That fits. It was not the first time that John Major had nodded in a speech towards old certainties. It was in April 1993 that he promised - famously - that, 50 years from now, Britain would still be 'the country of long shadows on county grounds, warm beer, invincible green suburbs, dog lovers and pools fillers'.
But that speech, while it reflected Mr Major's own background and enthusiasms, served a rather different purpose; to convince anti-Europeans in his party that the face of Britain would not change as a result of membership of the European Union. What the two speeches did have in common is that Nicholas True - a cricket lover like Mr Major - and deputy head of the Policy Unit, played a prominent part in the drafting of both.
Sarah Hogg, as head of the unit naturally played an important role in formulating the policy, and she was responsible for reinforcing the message in a key circular to Whitehall departments after the Tory conference. And, while she was in charge of a speechwriting team which also included Jonathan Hill, Mr Major's political secretary, and the playwright Sir Ronnie Millar, Mr True is credited with having done most work on the speech itself.
It was difficult yesterday to find anyone who could remember exactly who coined the phrase and when. But the ideas in it had a complex genesis. First, Mr Major had become convinced after Maastricht that the abstractions of the European treaty, and the apparent parliamentary obsession was switching off Tory activists; that, in other words, the party wanted to get back to basics.
Secondly, and perhaps more importantly, he wanted to deliver a message that was distinctively his own; Baroness Thatcher was notoriously suspicious of the term 'society' and combined a personal Christian belief with a neo- Liberal view of political economy, which left her Cabinets little room for moralising. In an important article for the Independent on the eve of the conference, David Willetts, MP for Havant, argued that modern Conservatism required more than just economic liberalism to keep its drive.
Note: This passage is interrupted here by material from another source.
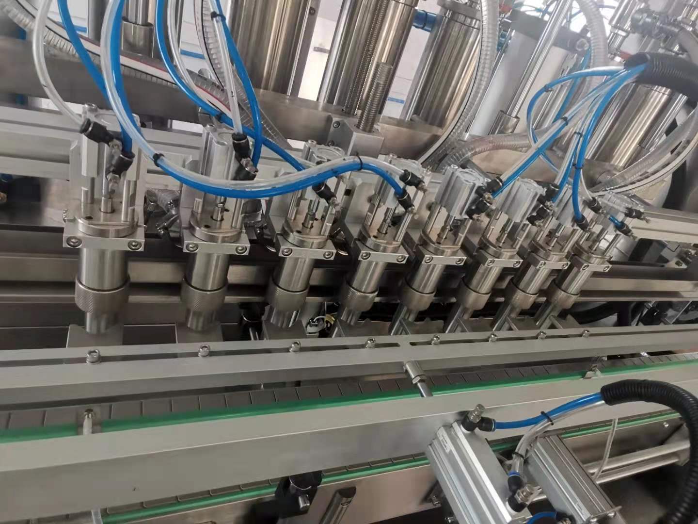 多头活塞式全自动灌装机是我司集多年生产经验,吸收先进技术自行研制开发的新一代自动灌装机。它采用活塞式定量原理,电器和气动元件选用世界知名品牌,由PLC配合人机界面控制,设计新颖、

As he put it: 'We need a Conservative agenda that speaks as confidently about values as we have learnt to speak about the free market.' Mr Willetts was asked after the party conference to put in a paper about how the new theme could be put into practice in future.
Thirdly, although senior Tories yesterday played down the impact of this, the brutal murder of Jamie Bulger, the chord struck by Tony Blair's 'tough on crime, tough causes of crime' policy, and the earlier speeches John Smith had made about the moral basis of Labour helped to create a new demand for political parties to state their values.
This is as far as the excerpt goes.